Local attorneys and advocates have said that problems at the D.C. Jail are longstanding, and the facility is in desperate need of replacement. (Others want to do away with a jail altogether.) And while many welcome a bright spotlight on the facility and the city’s management of it, they say that Greene and other Republicans have only become interested because of the political leanings and race of the Jan. 6 defendants. (An overwhelming majority of D.C. residents in the jail and criminal justice system more broadly are Black; the Jan. 6 defendants are largely white.)

“I don’t think they have any interest in the D.C. Jail. I think they had their own motives,” says Allen on Greene and Gohmert’s visit.

“If their focus is on the Jan. 6 prisoners, then that’s a distraction on conditions at the jail.
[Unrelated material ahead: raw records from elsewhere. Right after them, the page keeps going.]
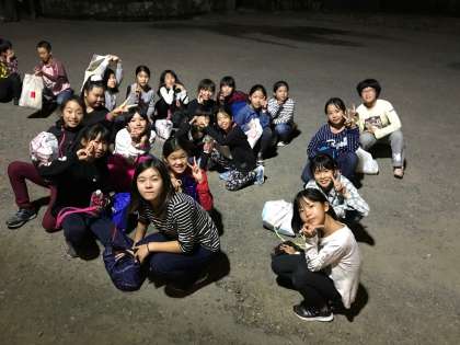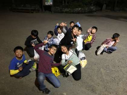 2組の子どもたちが、お風呂に入るため、栗の木広場に集まって来ました。自然園のお風呂は大きなタライのようなヒノキのお風呂です。ゆったり浸かって、今日の疲れを落として来てください。
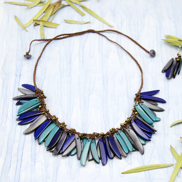 Little tagua "feathers" elegantly hang with skillfully arranged beads which add a measure of sophistication. Adjustable sliding closure 12"-36". Made in Ecuador. Matching earrings: #23350E Full set: #23350
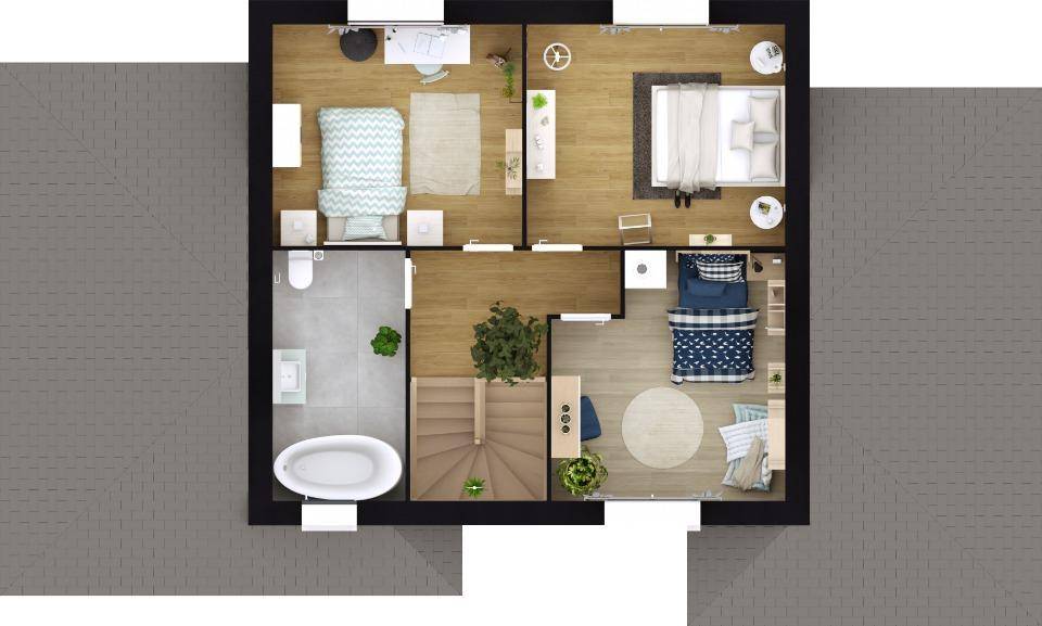 Il s'agit d'une maison de 2 niveaux. Elle est neuve.
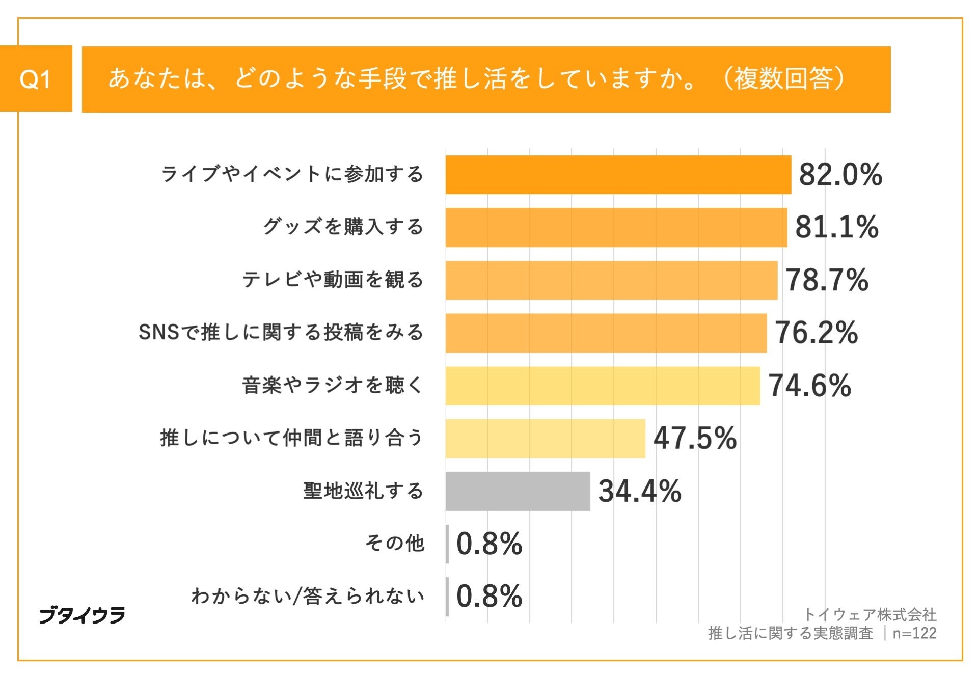 「Q1.あなたは、どのような手段で推し活をしていますか。(複数回答)」(n=122)と質問したところ、「ライブやイベントに参加する」が82.0%、「グッズを購入する」が81.1%、「テレビや動画を観る」が78.7%という回答となりました。
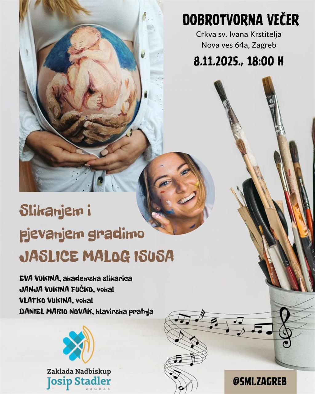 Dobrotvorna večer - koncert za Zakladu „Nadbiskup Josip Stadler“ pod nazivom „Slikanjem i pjevanjem gradimo Jaslice Malog Isusa“ sa slikaricom Evom Vukinom održat će se u subotu 8. studenog, s početkom u 18 sati u župnoj crkvi sv. Ivana Krstitelja (Nova Ves 64a, Zagreb).
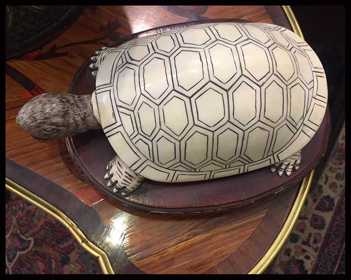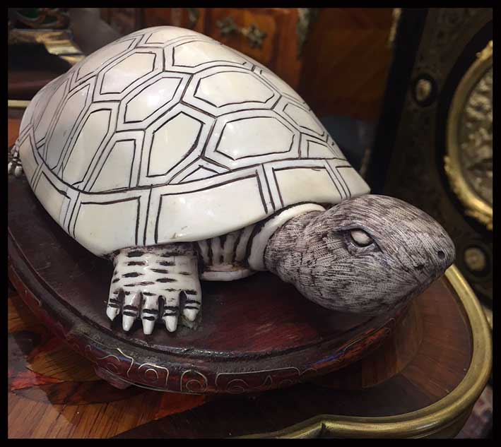 Tortuga decorativa de cerámica pintada a mano en colores blancos y negros. Está sobre un pedestal de madera, para apoyar sobre alguna mesa.

It becomes all about Jan. 6. If one wants to improve conditions, don’t talk about the allegedly wrongfully held patriots because that is a different conversation,” says Mendelson, adding that he wonders whether Greene and Gohmert have visited jails and prisons in their own states. (Poor conditions have been found at facilities in Georgia and Texas.)
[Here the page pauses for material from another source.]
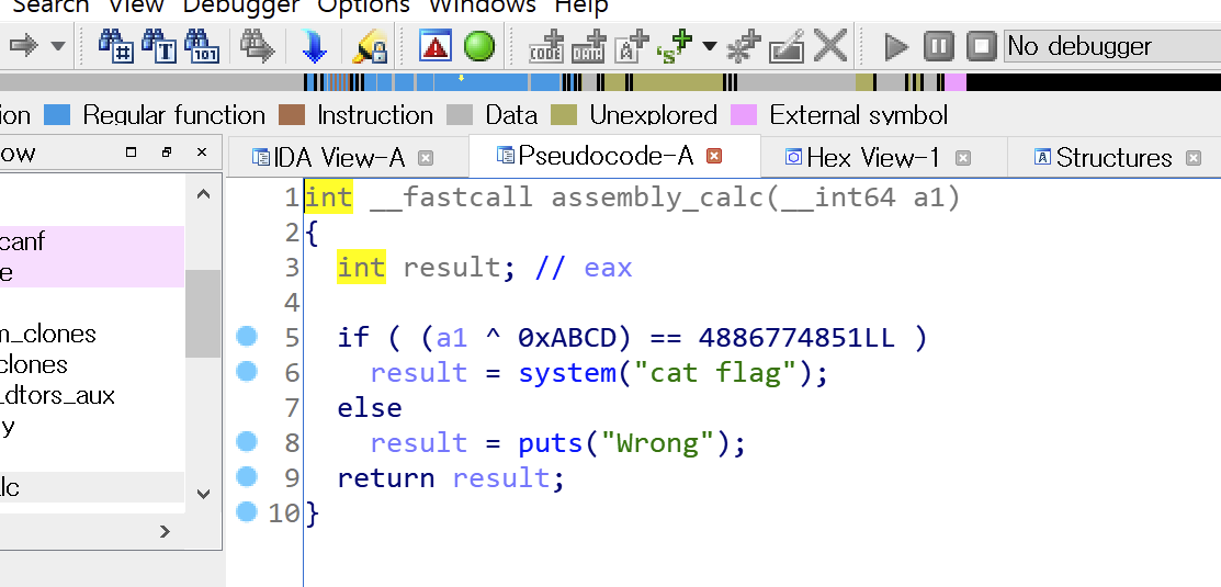 ๊ณ์ฐ ๊ฒฐ๊ณผ๋ฅผ ํ๋ก๊ทธ๋จ์ ์ ๋ ฅํ์ฌ flag๋ฅผ ํ์ธํ๋ค.
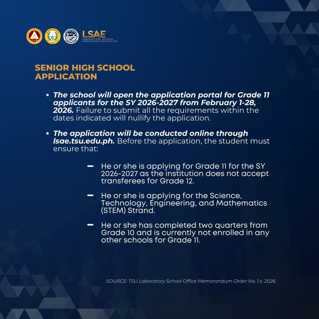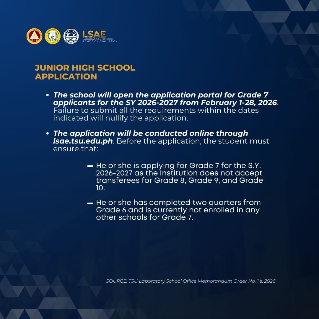 The online application for the Tarlac State University-Laboratory School Admission Evaluation (TSU-LSAE) will be open beginning February 1, 2026 (Sunday) until February 28, 2026 (Saturday).

Henderson says that she did witness conditions that troubled her, including a wild swing in temperature from floor to floor and the smell of marijuana, indicating the presence of contraband. But while she says that some of the wings they toured were loud, she thinks Greene’s descriptions of them are  overblown. Henderson also says that Greene and Gohmert’s concerns around conditions at the D.C. Jail could apply to many facilities across the country.

“I don’t know how many different jails she has visited in her life. But I would say the vast majority of jails across the county are not built for rehabilitation,” she says.

In addition to longstanding and persistent concerns about inhumane treatment and poor conditions in the D.C. Jail, local advocates also have concerns about USP Lewisburg, the federal prison where the U.S. Marshals Service is slated to send people in its custody (Federal public defenders have filed multiple emergency motions trying to stop some of the transfers.) In particular, people with experience working with residents at Lewisburg say that access to legal calls and communication with family will be far more restricted at the federal facility, which is located a nearly four-hour drive from the District.

“One thing that is markedly better in the DC DOC than in the [Bureau of Prisons] is access to counsel,” attorney James Zeigler told DCist/WAMU earlier this week. At the D.C. Jail, he says, lawyers can generally arrange legal calls within a day or go see their clients in person. In federal prisons, “phone calls are severely restricted,” he said.

On Twitter, attorney and prisoner rights advocate Deborah Golden noted that if Greene has interest in jails and prisons, she could focus on the federal system. “I welcome everyone to the fight to [stop solitary confinement,]” wrote Golden. “Wait until you learn about the Federal Bureau of Prisons, which you have direct power over. Happy to talk to you about it any time.”

Greene said that her office would issue a “full report” on their visit to the D.C. Jail. Next week, Allen is holding a public oversight roundtable on conditions at the facility.

But Patrice Sulton, the executive director of D.C. Justice Lab, an organization that advocates for and studies criminal justice reform in the city, says it’s clear to her that the council’s oversight of the jail has thus far been ineffective. In addition to ending restrictive housing at the jail and ensuring incarcerated peoples’ medical needs are met, Sulton says the council should move this year to institute independent oversight.

“The fact is that the council does not have the capacity or expertise to oversee the jail,” says Sulton. “It should immediately provide for independent oversight.”

Jenny Gathright contributed reporting.